3. SHOULD YOU CHOOSE VENDOR CONSOLIDATION OR A SPECIALIST CAPABILITY?

Many IT leaders are looking to consolidate their vendor landscape to improve vendor management and achieve cost-benefits from scale. Consolidation sounds simple, and therefore, appealing.

Australian organisations need a specialist capability to accurately detect sophisticated cyber threats. While a broad-based MSSP partner can work on a broad range of IT services, you will find yourself working harder to have them deliver on detection, containment and response during a cyber event. This is because the persona for a SOC Analyst or Incident Responder is vastly different to that of an IT engineer. These individuals have spent their careers honing their craft to ascertain anomalies in your environment. Additionally, there is a value to what they are working on. You want to partner with the organisation where their people are constantly monitoring and bringing learnings about detecting events from multiple environments. You don’t want to partner with the organisation whose cyber security analysts are distracted with addressing wider IT service requests. Organisations such as those simply don’t have the right mix of people with the depth of skills needed to detect and respond to sophisticated attacks. At the end of the day, MDR is a human-driven service.

Where security operating models have worked significantly better is where an IT or security leader has introduced a vendor environment with interplay between the IT team, the MSSP and the MDR provider. This allows a symbiotic relationship where the IT team can manage the outcome, the MSSP can implement the outcome, and the MDR provider can check that the outcome was achieved.

OUR FINAL PIECE OF ADVICE: GOOD MDR PROVIDERS OFTEN SAY NO.

Like many things, your logging and monitoring capability is subject to the law of diminishing returns. Traditionally, the focus was on building bloated Security Incident and Event Monitoring (SIEM) systems that logged everything. Now we know this approach is not helpful. First, the cost of logging everything in modern consumption based SIEM platforms is huge. Second, focusing on high fidelity information in your environment saves an analyst time, rather than wading through an ocean of logs. This is time that an analyst can be using to save your organisation from a major attack.

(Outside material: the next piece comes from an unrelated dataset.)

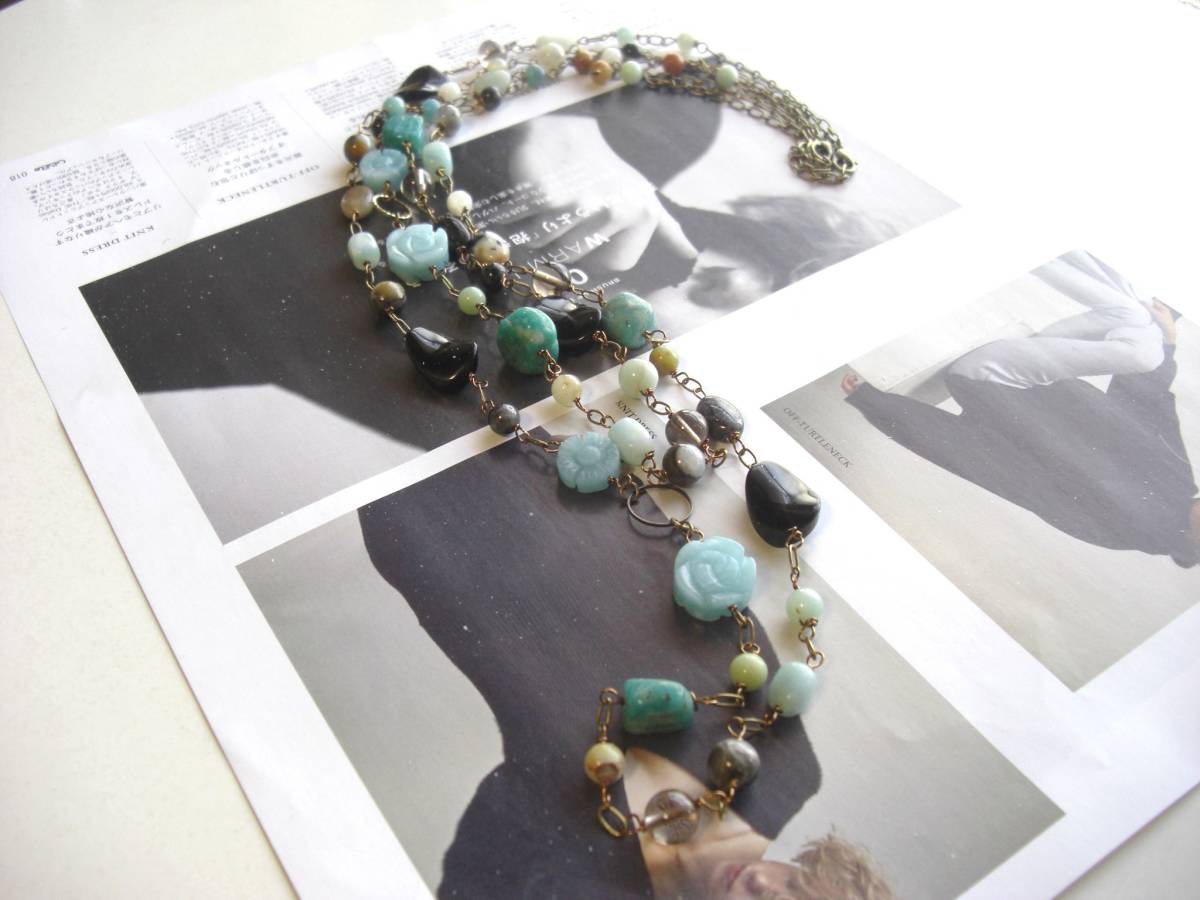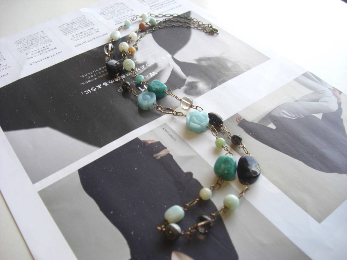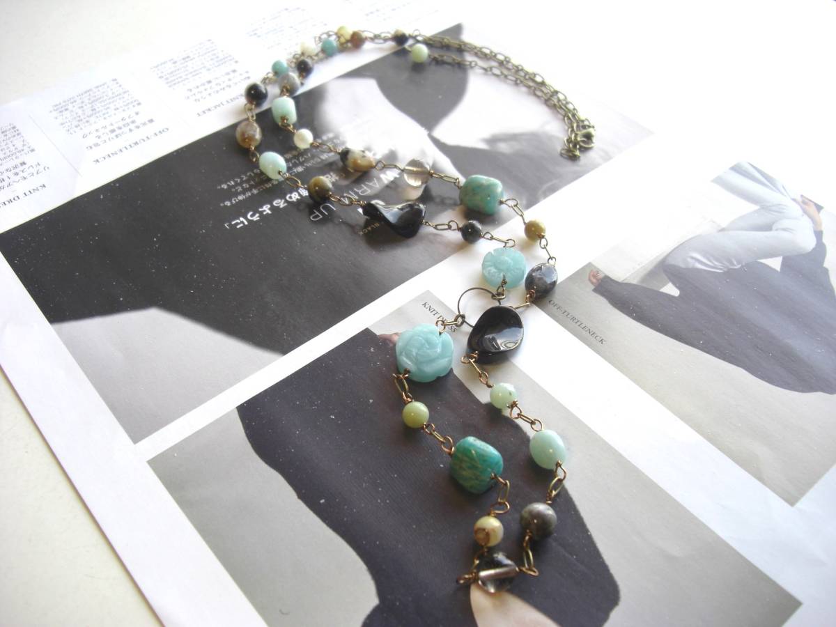 モンローの夢・・シリーズです♪水色の薔薇を繋いで・・ロマンチックなアマゾナイトのネックレス2本セットです♪同じデザインの長さ違いです♪画像のように2連にされたりブレスレットにされたり色々な組み合わせで楽しんでいただけます♪6ミリ、8ミリの丸玉、10ミリ、14ミリの 両面薔薇のアマゾナイトにロシアンアマゾナイトのラフカットやオニキスのオーバルウェーブ、スモーキークォーツの丸玉を合わせて大人のロマンチックしています♪長さ は長い方のネックレスが全長100センチ位で調節自由です♪短い方のネックレスが全長80センチ位で調節自由です♪それぞれ単品やお揃いのブレスレットやピアスも出品しています♪♪シンプルで 飽きのこないいつまでも着けられるデザインを考えて作りました!ハンドメイドをご理解頂いてノークレーム、ノーリターンでお願いします

Good MDR providers are trusted security specialists. They are well versed at advising their clients on what log sources are best for creating accurate detections based on well-known security frameworks. More so, they are able to effectively categorise sources in your environment based on security or operational outcomes and can determine a well-balanced, cost-effective logging architecture that meets security outcomes. When going out to market for security services consider asking respondents for their recommended approach to detection and response based on your environments variables rather than dictating which sources should be included. This will set apart good from great responses.

Ultimately, you need a security partner that says no, and is prepared to push back to put you on the correct security path. You also need to partner with a provider who can leverage their collective experience to advise you on balanced security outcomes – taking into consideration cost and the business operations.